**WORK REQUEST**
Copy each record exactly and skip its pictures.

DATA EXCERPTS Block Start

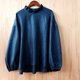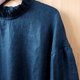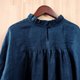 **【 细褶领落肩长袖罩衫/ 蓝绿棉麻 】**
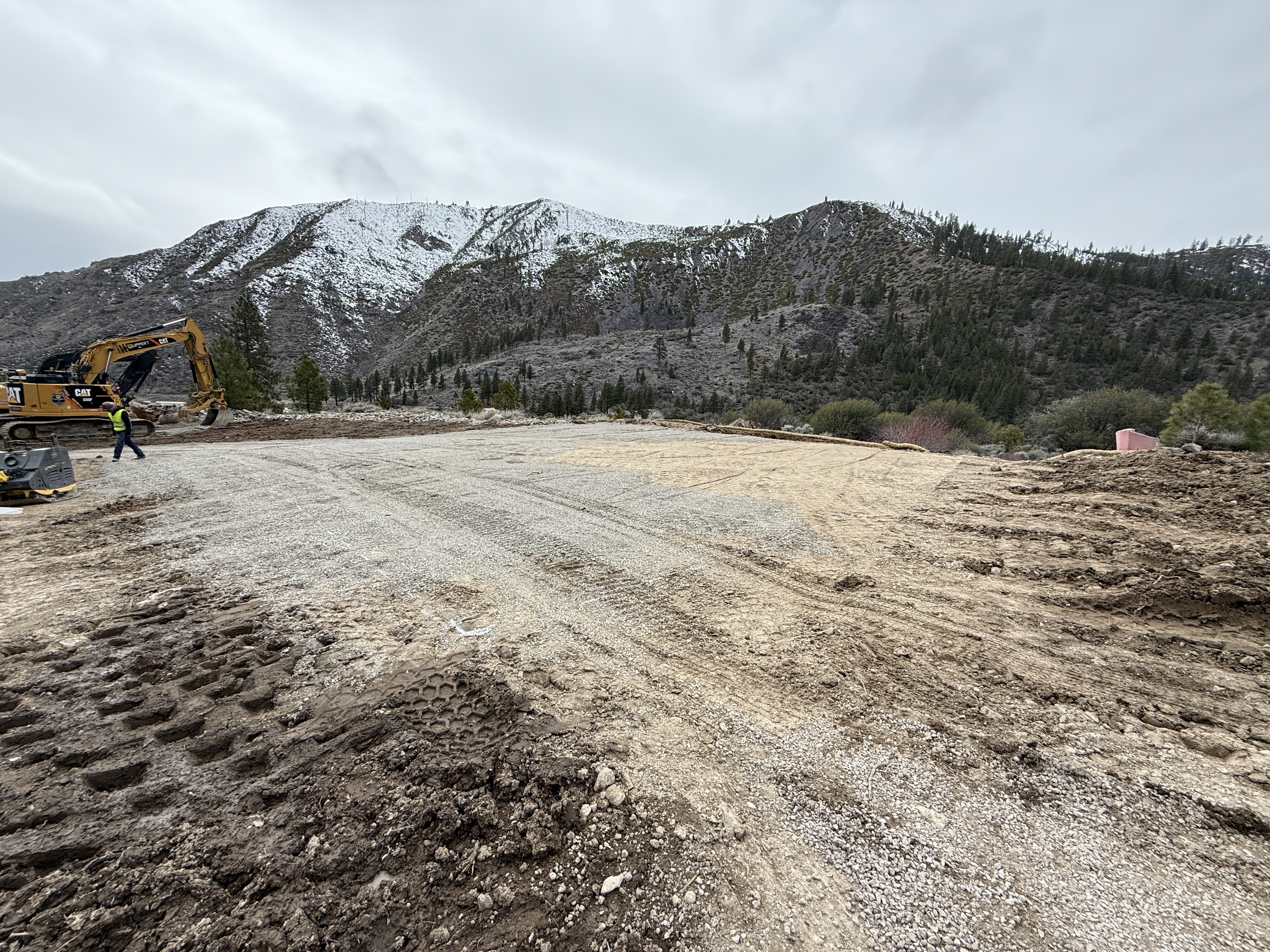 The image shows a construction site in a mountainous area with ongoing site grading. An excavator is stationed to the left in the image, actively working on leveling the ground. The surface appears to be a mix of soil and gravel with visible tire tracks. Snow-covered mountains are visible in the background, indicating cold weather conditions. A worker wearing safety gear is near the excavator.
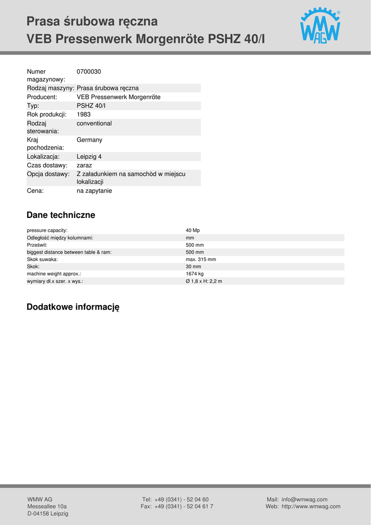 Prasa śrubowa ręczna VEB Pressenwerk Morgenröte PSHZ 40/I Numer magazynowy: Rodzaj maszyny: Producent: Typ: Rok produkcji: Rodzaj sterowania: Kraj pochodzenia: Lokalizacja: Czas dostawy: Opcja dostawy: Cena: 0700030 Prasa śrubowa ręczna VEB Pressenwerk Morgenröte PSHZ 40/I 1983 conventional Germany Leipzig 4 zaraz Z załadunkiem na samochòd w miejscu lokalizacji na zapytanie Dane techniczne pressure capacity: Odległość między kolumnami: Prześwit: biggest distance between table & ram: Skok suwaka: Skok: machine weight approx.: wymiary dł.x szer. x wys.: 40 Mp mm 500 mm 500 mm max. 315 mm 30 mm 1674 kg Ø 1,8 x H: 2,2 m Dodatkowe informację WMW AG Messeallee 10a D-04158 Leipzig Powered by TCPDF (www.tcpdf.org) Tel: +49 (0341) - 52 04 60 Fax: +49 (0341) - 52 04 61 7 Mail: [email protected] Web: http://www.wmwag.com
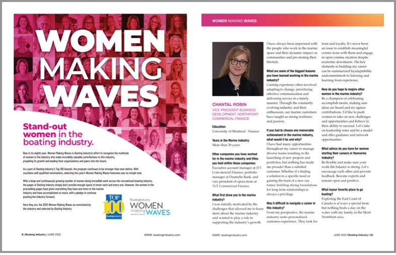 Northpoint’s VP of Business Development/Canada Chantal Robin was tapped to the Boating Industry “Women Making Waves” Class of 2025 and received her award at the Top 100 Elevate Summit in Orlando in January. As one of a select group of women leaders throughout North America chosen for this prestigious honor, Chantal brings a wealth of experience and enthusiasm to her role which has positively impacted the success of Northpoint Commercial Finance throughout Canada, and the customers she serves.
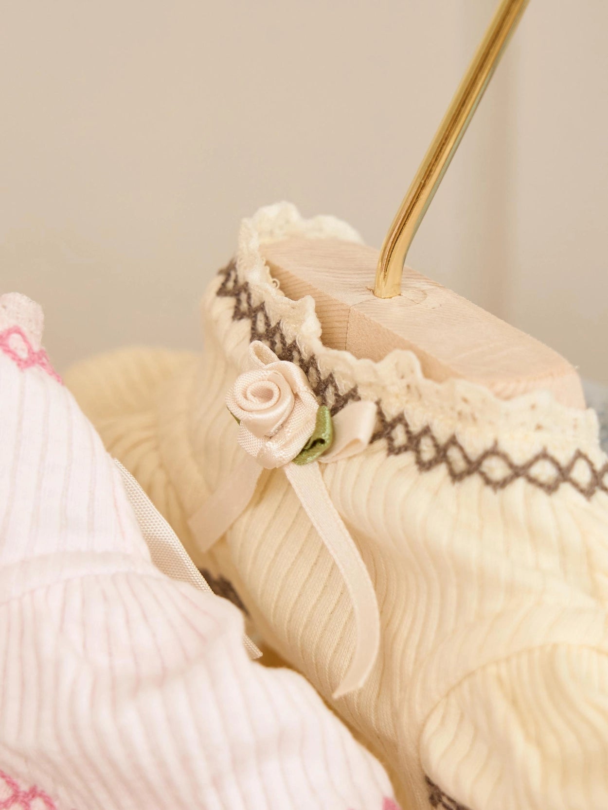 裾にはスカラップ刺繍のコットンレースをあしらいました

DATA EXCERPTS Block End

**TASK SOLUTION**
 **【 细褶领落肩长袖罩衫/ 蓝绿棉麻 】**
 The image shows a construction site in a mountainous area with ongoing site grading. An excavator is stationed to the left in the image, actively working on leveling the ground. The surface appears to be a mix of soil and gravel with visible tire tracks. Snow-covered mountains are visible in the background, indicating cold weather conditions. A worker wearing safety gear is near the excavator.
 Prasa śrubowa ręczna VEB Pressenwerk Morgenröte PSHZ 40/I Numer magazynowy: Rodzaj maszyny: Producent: Typ: Rok produkcji: Rodzaj sterowania: Kraj pochodzenia: Lokalizacja: Czas dostawy: Opcja dostawy: Cena: 0700030 Prasa śrubowa ręczna VEB Pressenwerk Morgenröte PSHZ 40/I 1983 conventional Germany Leipzig 4 zaraz Z załadunkiem na samochòd w miejscu lokalizacji na zapytanie Dane techniczne pressure capacity: Odległość między kolumnami: Prześwit: biggest distance between table & ram: Skok suwaka: Skok: machine weight approx.: wymiary dł.x szer. x wys.: 40 Mp mm 500 mm 500 mm max. 315 mm 30 mm 1674 kg Ø 1,8 x H: 2,2 m Dodatkowe informację WMW AG Messeallee 10a D-04158 Leipzig Powered by TCPDF (www.tcpdf.org) Tel: +49 (0341) - 52 04 60 Fax: +49 (0341) - 52 04 61 7 Mail: [email protected] Web: http://www.wmwag.com
 Northpoint’s VP of Business Development/Canada Chantal Robin was tapped to the Boating Industry “Women Making Waves” Class of 2025 and received her award at the Top 100 Elevate Summit in Orlando in January. As one of a select group of women leaders throughout North America chosen for this prestigious honor, Chantal brings a wealth of experience and enthusiasm to her role which has positively impacted the success of Northpoint Commercial Finance throughout Canada, and the customers she serves.
 裾にはスカラップ刺繍のコットンレースをあしらいました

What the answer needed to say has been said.